- **EXTRACTED INFORMATION**
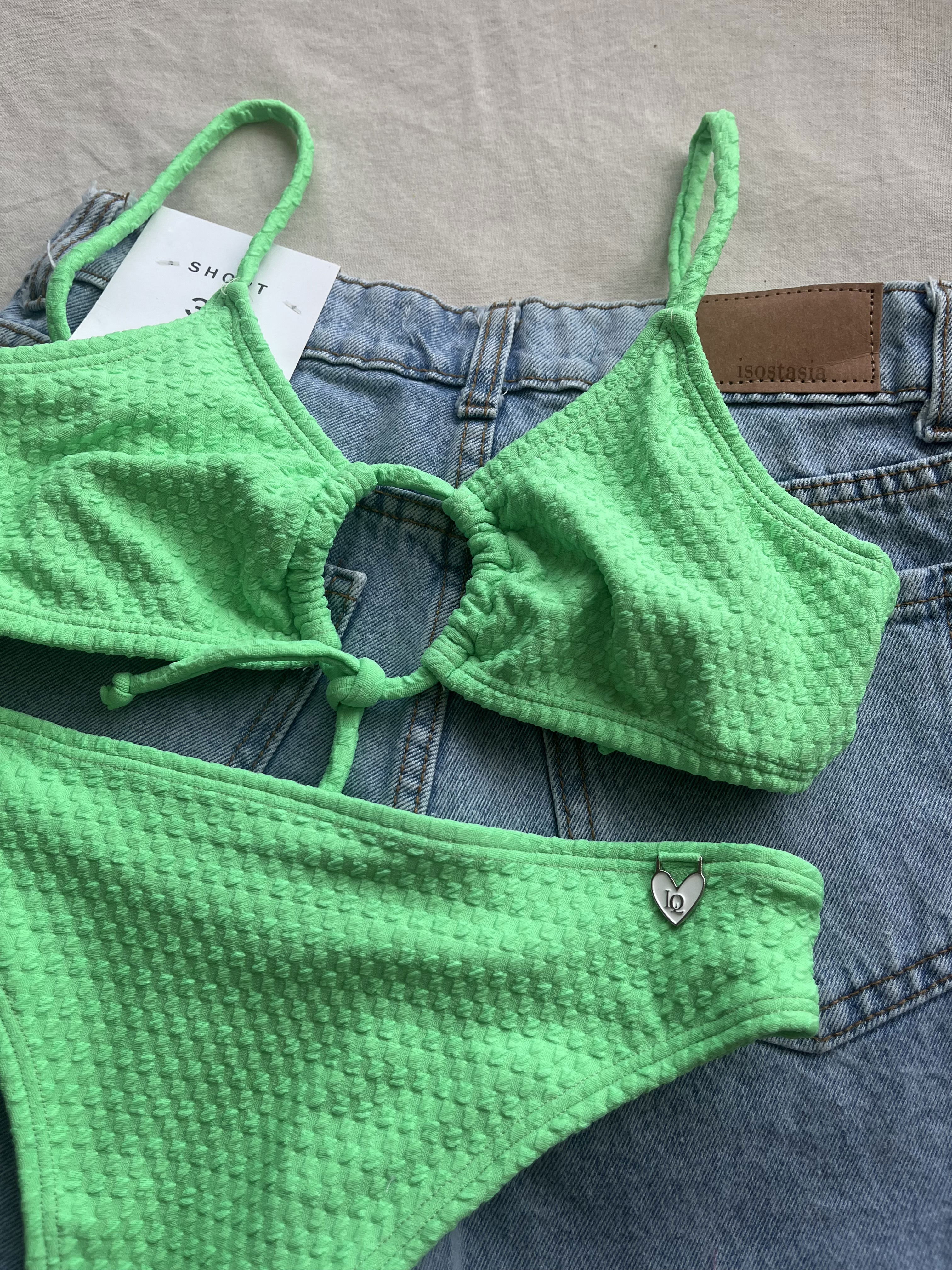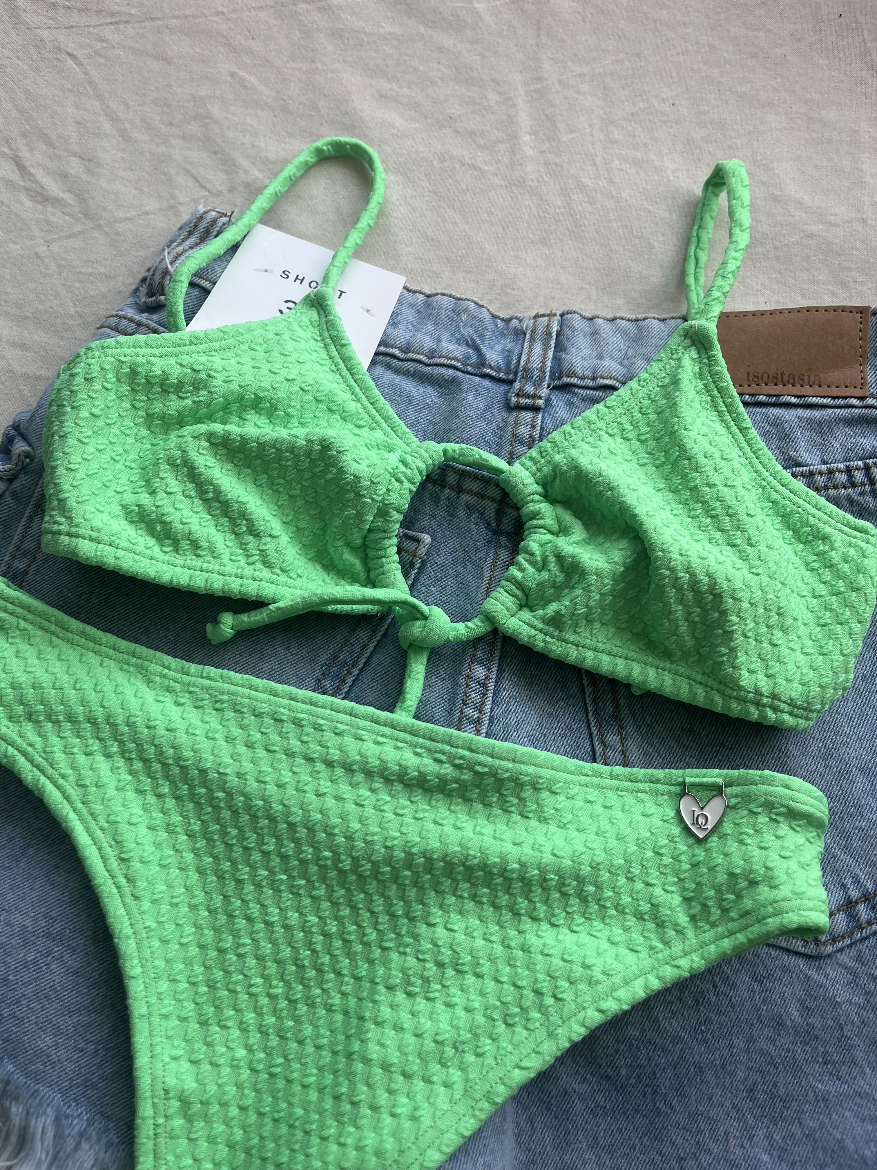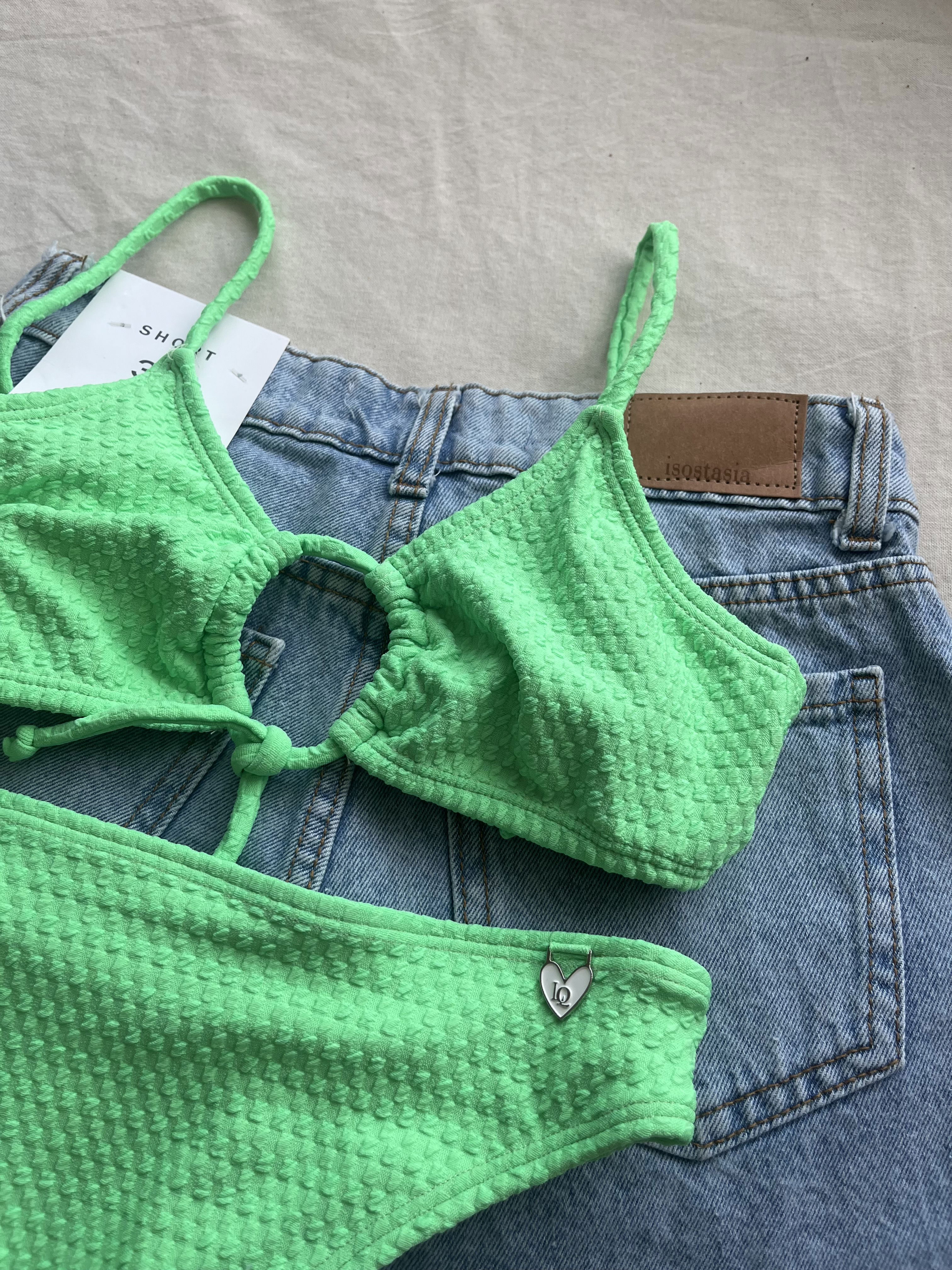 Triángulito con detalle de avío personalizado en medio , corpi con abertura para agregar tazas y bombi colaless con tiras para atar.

...

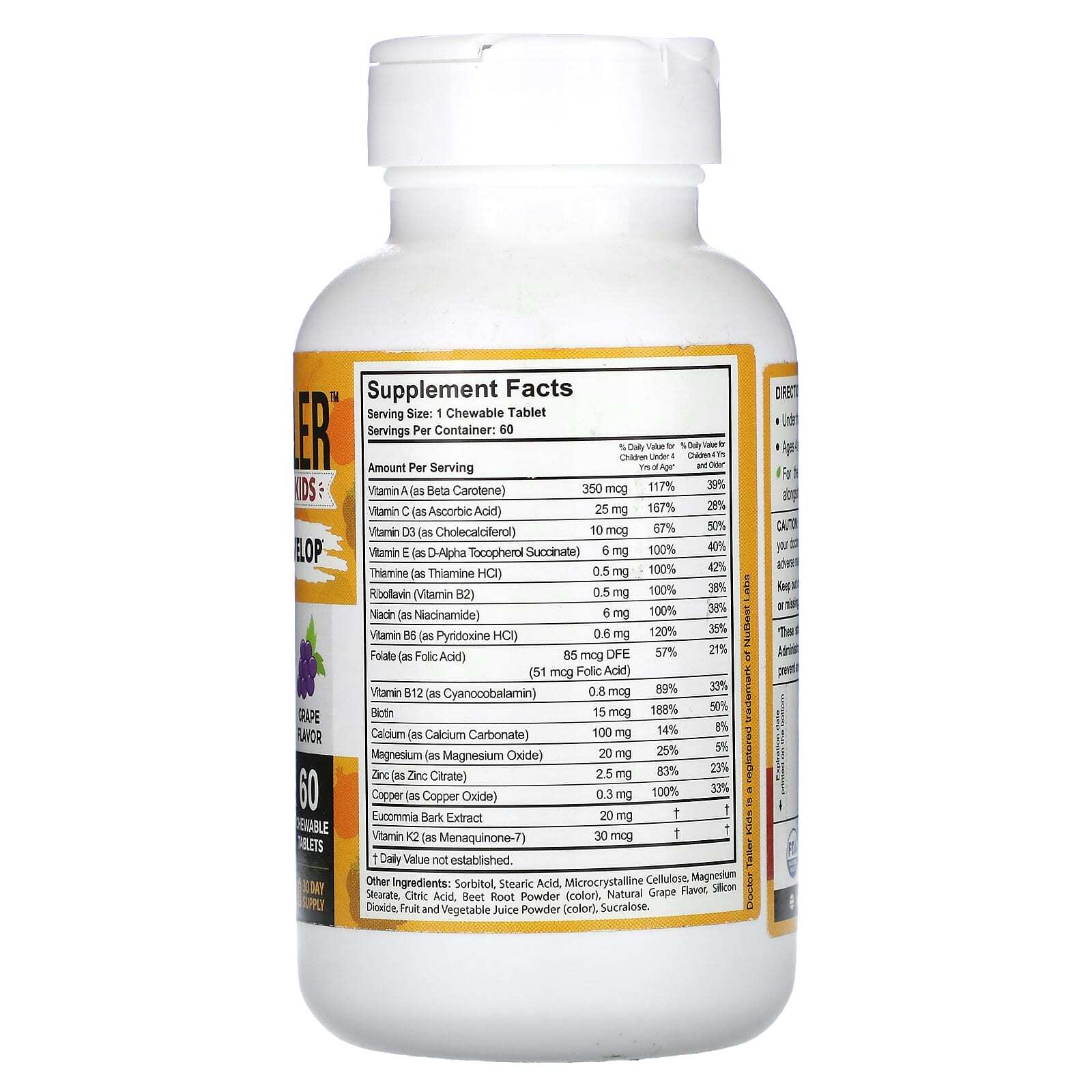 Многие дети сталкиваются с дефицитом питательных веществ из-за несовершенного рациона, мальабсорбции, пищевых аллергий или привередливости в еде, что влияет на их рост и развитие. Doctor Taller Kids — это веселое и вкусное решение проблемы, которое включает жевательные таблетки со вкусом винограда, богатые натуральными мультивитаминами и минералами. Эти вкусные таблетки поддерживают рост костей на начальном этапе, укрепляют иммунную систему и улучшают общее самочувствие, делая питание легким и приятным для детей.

---

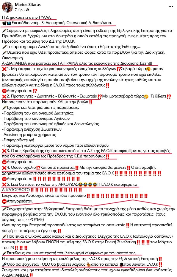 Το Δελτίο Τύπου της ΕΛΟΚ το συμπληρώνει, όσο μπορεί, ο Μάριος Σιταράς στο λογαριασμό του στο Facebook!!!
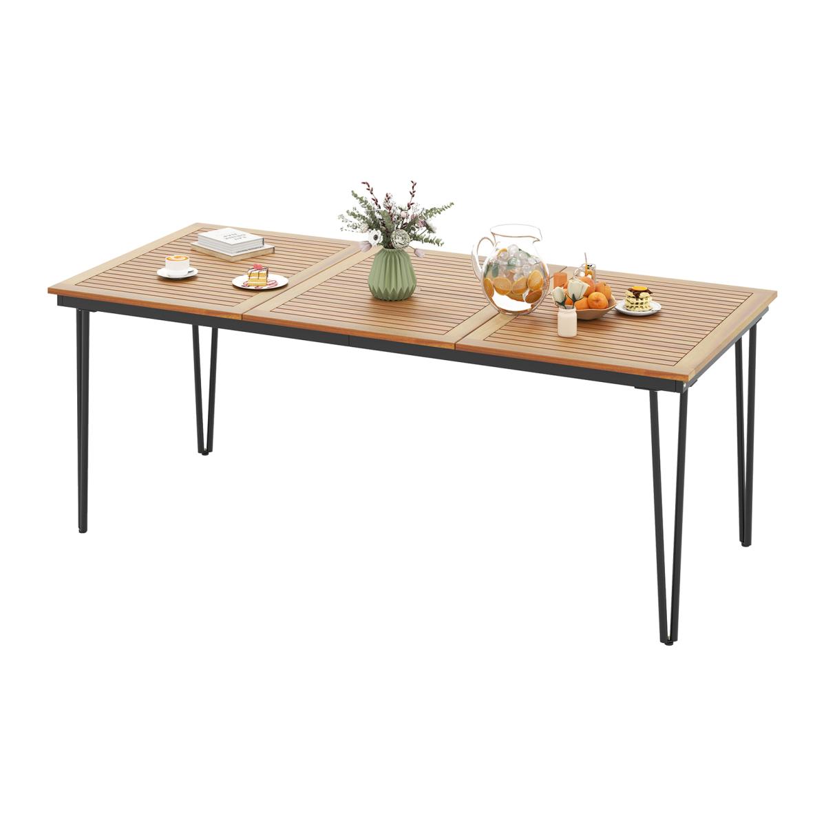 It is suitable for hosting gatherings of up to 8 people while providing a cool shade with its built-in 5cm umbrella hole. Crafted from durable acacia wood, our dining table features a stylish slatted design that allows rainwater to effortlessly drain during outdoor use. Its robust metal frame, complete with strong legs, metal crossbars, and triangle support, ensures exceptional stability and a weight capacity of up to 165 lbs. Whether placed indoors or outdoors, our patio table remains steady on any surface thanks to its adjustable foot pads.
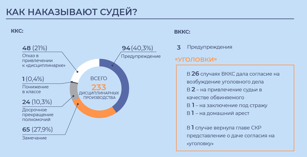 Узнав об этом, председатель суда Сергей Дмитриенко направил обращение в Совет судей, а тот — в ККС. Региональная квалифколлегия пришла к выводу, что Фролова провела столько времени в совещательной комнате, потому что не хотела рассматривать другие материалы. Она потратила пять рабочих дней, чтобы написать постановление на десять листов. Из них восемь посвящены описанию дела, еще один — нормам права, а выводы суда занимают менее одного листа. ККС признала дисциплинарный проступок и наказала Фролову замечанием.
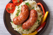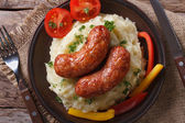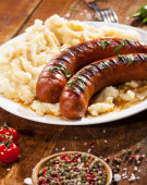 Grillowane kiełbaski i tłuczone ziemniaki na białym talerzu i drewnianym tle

- **DIRECTIONS FOR THIS TASK**
If a picture sits between the line containing "Узнав об этом, председатель" and the line containing "Grillowane kiełbaski i", leave it out, and return the lines of that range above exactly, both ends included.

- **RESPONSE TO THIS EXERCISE**
 Узнав об этом, председатель суда Сергей Дмитриенко направил обращение в Совет судей, а тот — в ККС. Региональная квалифколлегия пришла к выводу, что Фролова провела столько времени в совещательной комнате, потому что не хотела рассматривать другие материалы. Она потратила пять рабочих дней, чтобы написать постановление на десять листов. Из них восемь посвящены описанию дела, еще один — нормам права, а выводы суда занимают менее одного листа. ККС признала дисциплинарный проступок и наказала Фролову замечанием.
 Grillowane kiełbaski i tłuczone ziemniaki na białym talerzu i drewnianym tle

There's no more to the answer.